When Happ returned to the big leagues, his progress showed. He won NL player of the week in the final week of the season. But he’s made even more of a splash this year, from Spring Training through the first two weeks of the regular season.

Entering the year, center field was one of the main position battles to monitor for first-time manager Ross.

“Right now, the job is Ian Happ’s,” Ross said Sunday.

Ross’ lineup choices had suggested as much already. Happ has appeared in all 13 of the Cubs games, at least pinch hitting in the three he didn’t start.

“It’s hard to take Ian Happ out of the lineup,” Ross said of the switch-hitter. “The guy’s swinging the bat really well, and his right-handed at-bats have gotten tremendously better. He’s been a staple.”

Happ started his season off with a two-run home run in his first plate appearance. He was batting ninth, and through all of Ross’ reshuffling of the bottom third of the batting order, Happ has been the Cubs’ most frequent nine-hole hitter.

With the Cubs’ No. 7 and 8 hitters consistently getting on base, in the nine-hole has showcased Happ’s ability to drive in runs (he’s tied for second on the team with six RBI) or set the table for the Cubs’ unconventional top of the order.

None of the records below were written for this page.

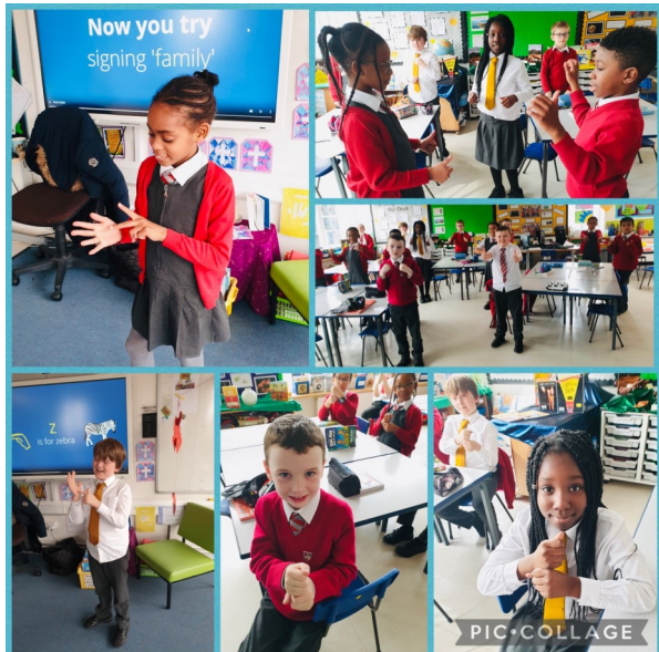
3P have enjoyed learning sign language. They tried really hard to use finger spelling to spell out their names. We also learnt lots of greetings like good morning and hello.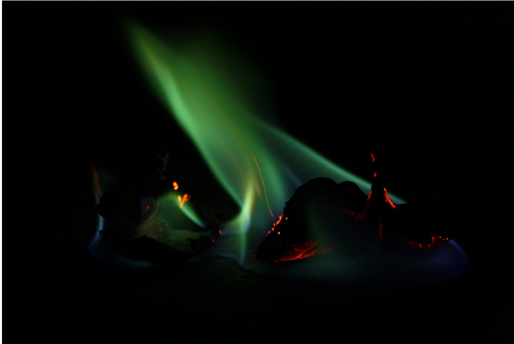
Figure 2: Original untouched image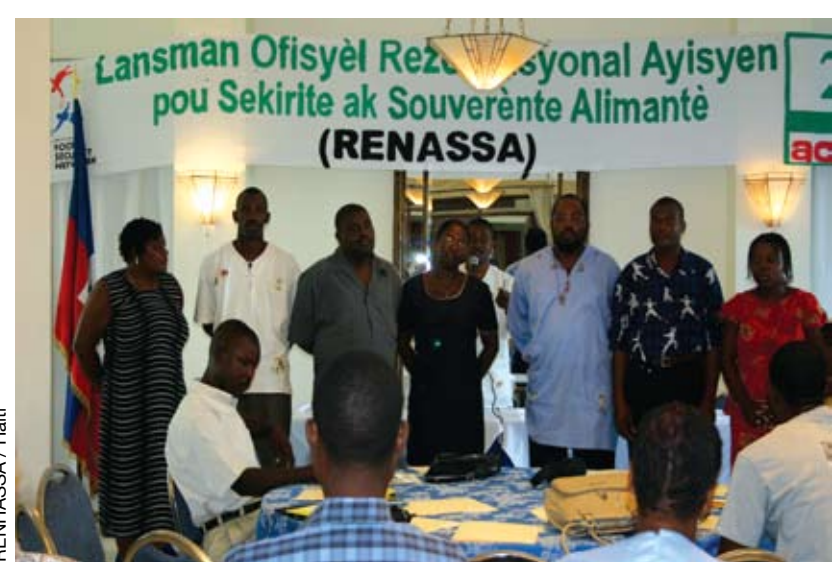
RENHASSA / Haiti

Prior to the conference, ActionAid and the Brazilian Ministry of Agriculture organized a seminar to analyze the proposal for ICARRD's final declaration and to make various recommendations designed to guarantee that women's rights to access and control land were assured in the final declaration. ActionAid International was the only NGO focusing specifically on women's rights to land to take part in the conference: we held a 'Women's Rights To Land' seminar during the Parallel Civil Society Forum. Both the seminars and the case studies contributed to generating a broad alliance towards lobbying on Women's rights to land and natural resources and were crucial to what we consider to be a very good declaration from a women's rights perspective. A delegation of IFSN and ActionAid was present in ICARRD, involving 14 countries: Pakistan, The Gambia, South Africa, Malawi, Uganda, India, Nepal, Mozambique, Ethiopia, Bolivia, Brazil, Nicaragua, Honduras and Senegal. This regional balance was crucial in terms of lobbying the regional representatives on the drafting committee of the ICARRD declaration.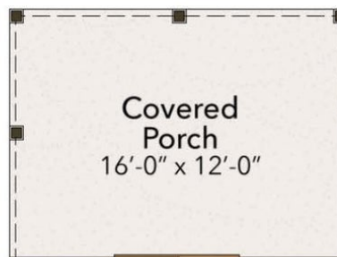
Rear Covered Porch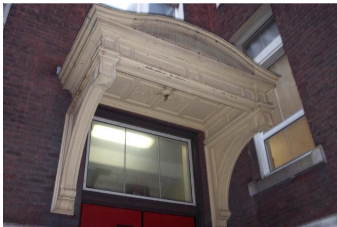
Figure A-10. Awning prior to work

Two workers removed paint from an exterior awning above a doorway outside a school using heat guns above 1100 degrees Fahrenheit. The awning is located in the same courtyard as the other two exterior jobs at the school that is surrounded on three sides by 3-story brick walls. The awning extends about 4 feet from the wall above the doorway. Paint was removed from trim, the ceiling, and the ornate painted supports. Work was halted after approximately five hours of paint removal work even though only about 30 ft 2 of surface area was worked on.

“I feel great about where I'm at right now,” Happ said, “my ability to help the team and get on base for those guys that are hitting behind me.”

Just as he set the tone in the batter’s box early, with an Opening Day home run, Happ flashed some leather in the opening series against the Brewers. Three days into the season, Happ tracked a long fly ball back to the wall. He leaped and caught it just before his back slammed into the ivy, which barely cushioned the brick behind it.

Happ slid down the wall into a crouch, his body no doubt feeling the results of the impact. But it wasn’t long before he stood back up.

“I think he absolutely took advantage of his time down (in Iowa),” Epstein said, “and is in a different and better phase in his career now because of what he went through.”